3.3.3. Amplification of SSR Markers Associated with RPV1 Locus in Different Genotypes

After validation of SSR markers amplification at the specific annealing temperature, amplifications were done in DNA isolated from 56 different V. vinifera accessions. The amplification of these polymorphic markers at a particular band size indicates whether that variety is susceptible or resistant to downy mildew. Out of 12, 6 SSR markers namely ATT, TCT, GTAAT, AGGAG, TTCTTT, AGAGGG showed amplifications. The genomic DNA of Muscandinia rotundifolia was also used in the PCRs as a positive control depicting the standard marker allele size associated with resistance. This species of “Vitis” has co-evolved with “Plasmopara viticola” in North America; therefore, it tolerates/resists the infection caused by DM [45].

3.3.4. Data Analysis

All SSR fragments were screened manually and converted to “1” and “0” binary digits for the presence of band and absence of band (Table 3). The comparative analysis of grapevine accessions with M. rotundifolia showed that there were certain varieties showing the presence or absence of respective allelic bands in

Table 2. The list of SSR markers of RPV1 locus with the attained Tm (annealing temperature) and band size.
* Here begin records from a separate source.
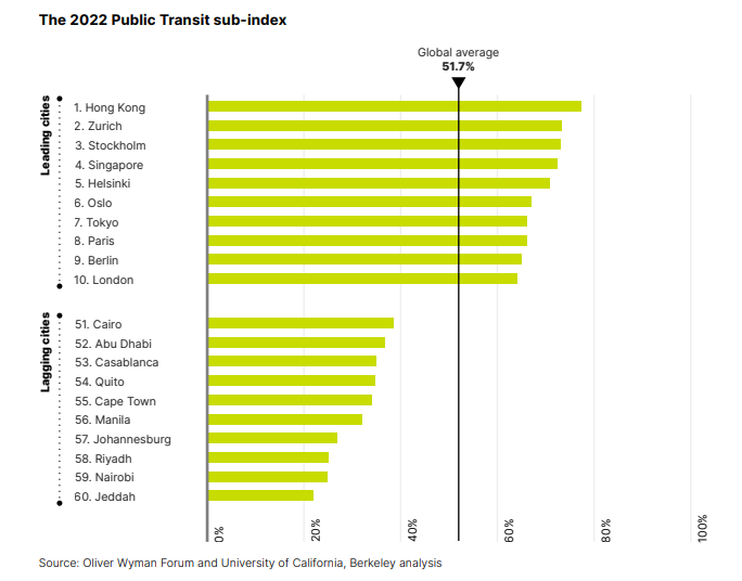 研究评估全球60个城市的公共交通系统,比较各城市公共交通的距离、负担能力、运营时间、拥挤程度及到达地点的时间等因素。在评估的60个城市中,亚洲和欧洲城市排名最高,而中东和非洲的城市中心排名最低。排名显示香港在全球公共交通指数位列第一,指数接近80,高于苏黎世及斯德哥尔摩等地;而全球平均指数为51.7。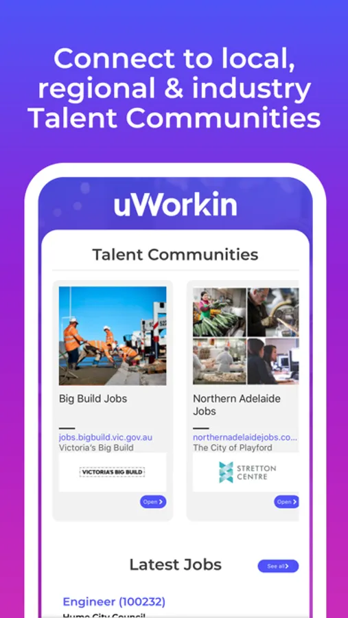 The uWorkin Jobs App connects you to local, regional, project and industry based Talent Communities so you can access exclusive employment opportunities from employers.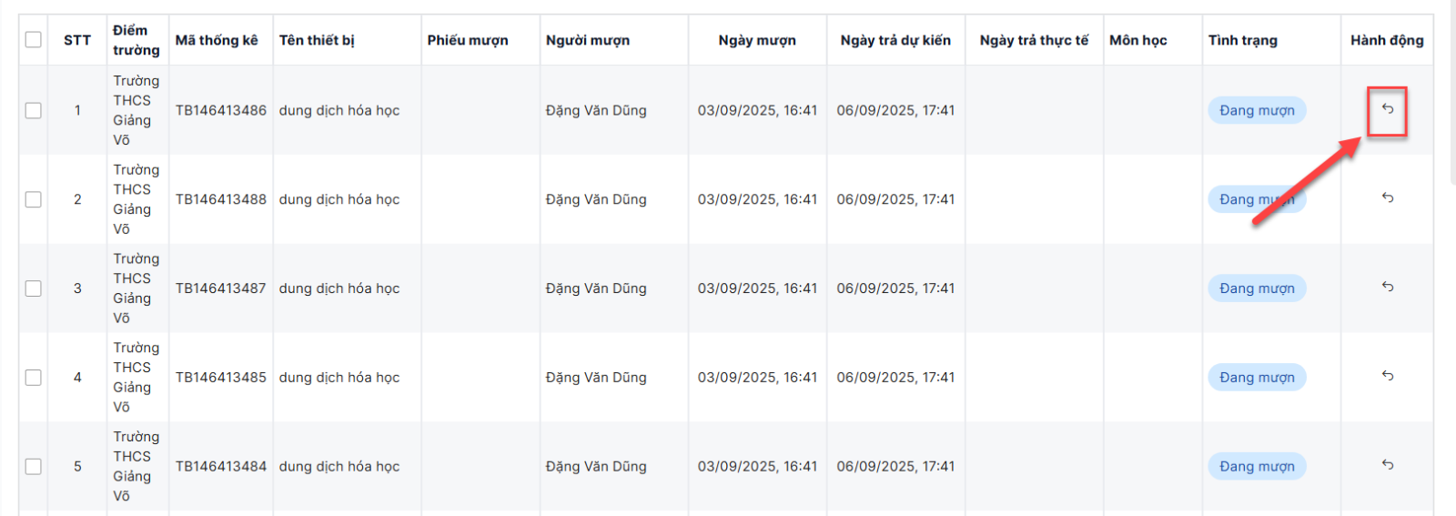 Bước 1: Trên màn hình danh sách > Click icon Trả thiết bị tại bản ghi có tình trạng là Đang mượn/Quá hạn

Table 3. Chart showing the scoring of RPV1 locus associated SSR markers in binary digit format (“1” for presence of band and “0” for absence of band). “0” indicated the opposite trend of presence/absence of SSR markers with respect to positive control having value “1”.
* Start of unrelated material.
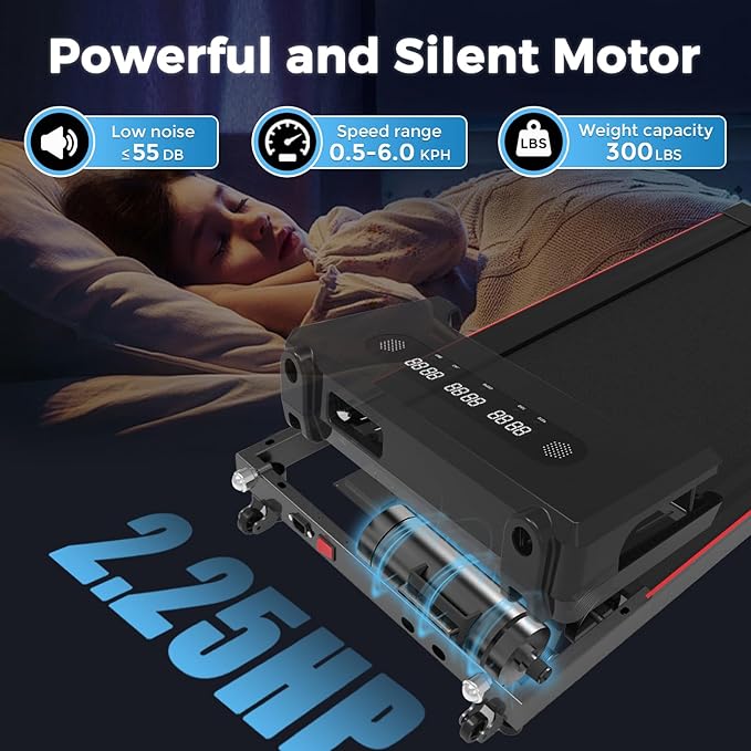 - LED Display Screen and Easy Remote Control: The LED display screen is clear and easy to read, allowing you to easily view exercise time, calories, steps, speed, and distance while exercising. The remote control operation is convenient, allowing you to easily control the walking pad treadmill.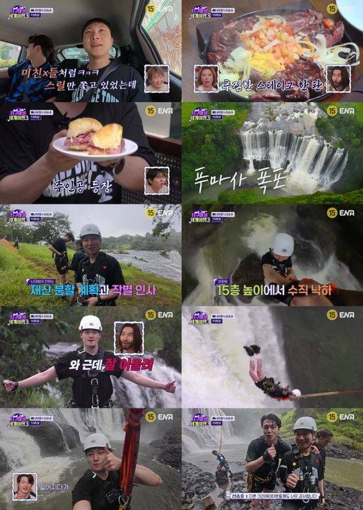 지난 21일 오후에 방송된 ENA ‘지구마불 세계여행3’(이하 ‘지구마불3’) 14회에서는 브라질의 ‘미친자들’ 빠니보틀과 신승호, 볼리비아의 ‘원지브리’ 원지와 파브리, 칠레의 ‘가비랑 의리랑’ 곽튜브와 가비가 대망의 5라운드 두 번째 여행기를 이어갔다. 각 팀은 극강의 스릴, 현지 폭풍 미식과 쇼핑, 그리고 대자연의 경이로움까지, ‘여행 콘텐츠 끝판왕’을 선보여 시청자들에게 짜릿한 대리만족을 선사했다. 특히 빠니보틀과 신승호가 아파트 15층 높이, 낙차 45m의 물줄기가 쏟아지는 푸마사 폭포에서 ‘자이언트 폭포 스윙’을 도전하는 장면은 시청률 분당 최고의 1분을 차지했다.

comparison to M. rotundifolia. As analyzed from results, in M. rotundifolia, the amplification bands were observed for all the finally screened six markers. As M. rotundifolia is used as positive control, the grapevine varieties showing an opposite trend of presence/absence of SSR markers could be putatively associated with susceptibility to DM. As analyzed from results, for GTAAT marker, out of 56, 24 V. vinifera accessions could be putatively associated with susceptibility to DM. Likewise, for TTCTTT, ATT, AGGAG, AGAGGG and TCT markers; 26, 29, 15, 25 and 27 V. vinifera accessions could be putatively associated with susceptibility to DM.

4. Conclusion

In the present study, we identified and characterized various SSR markers in RPV1 locus that are known to be associated with downy mildew resistance in grapes. Their genotyping was done to detect polymorphisms in grape germplasm using Muscandinia rotundifolia (wild North American Vitis species resistant to downy mildew) as a positive control. Altogether, the development and genotyping of SSR markers would further assist in illustrating the complex genetic traits and advancement of molecular breeding in grapes.


The authors express their sincere gratitude to Department of Biotechnology (DBT), India for providing financial assistance. NG is thankful to Department of Biotechnology (DBT), India for providing junior and senior research fellowship.
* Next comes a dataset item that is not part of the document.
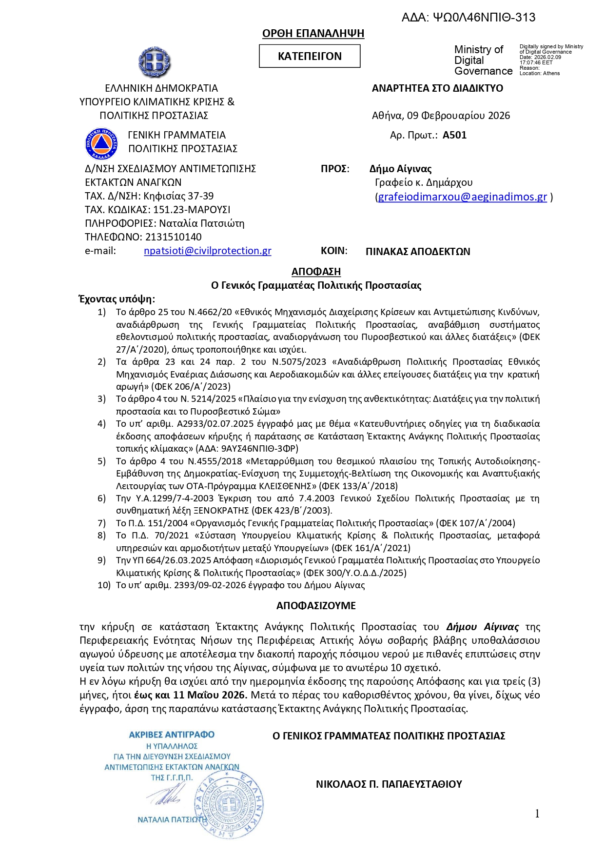 Η Αίγινα με απόφαση της Γενικής Γραμματείας Πολιτικής Προστασίας (9/2/2026) έχει κηρυχθεί σε κατάσταση έκτακτης ανάγκης λόγω της σοβαρής βλάβης του υποθαλάσσιου αγωγού ύδρευσης «με αποτέλεσμα την διακοπή παροχής πόσιμου νερού με πιθανές επιπτώσεις στην υγεία των πολιτών της νήσου της Αίγινας». Η απόφαση έχει τρίμηνη ισχύ, δηλ. έως τις 11 Μαΐου 2026.

The study was funded by Department of Biotechnology (DBT), India under the project entitled “An integrated approach of molecular breeding for downy and powdery mildew resistance in grape”.

Availability of Data and Material

The plant materials used during the current study are available from the authors upon request.

Authors’ Contributions

NG—perform wetlab experiment, analysis of Grape sequences, primers designing and manuscript writing; AN—helps in bioinformatics analysis of RPV locus and identification of SSR markers, helped in finalizing the manuscript; RRS, AU—provided plant material, helped in isolation of DNA and primer designing; KS—conceived the idea, designed the experiments, overall supervision and finalize the manuscript.

Supplementary Files

Table S1. List of various grape accessions used in the present study.

Table S2. The list of primer sets for the identified markers of RPV1 locus associated with DM resistance.

Conflicts of Interest

The authors declare no conflicts of interest regarding the publication of this paper.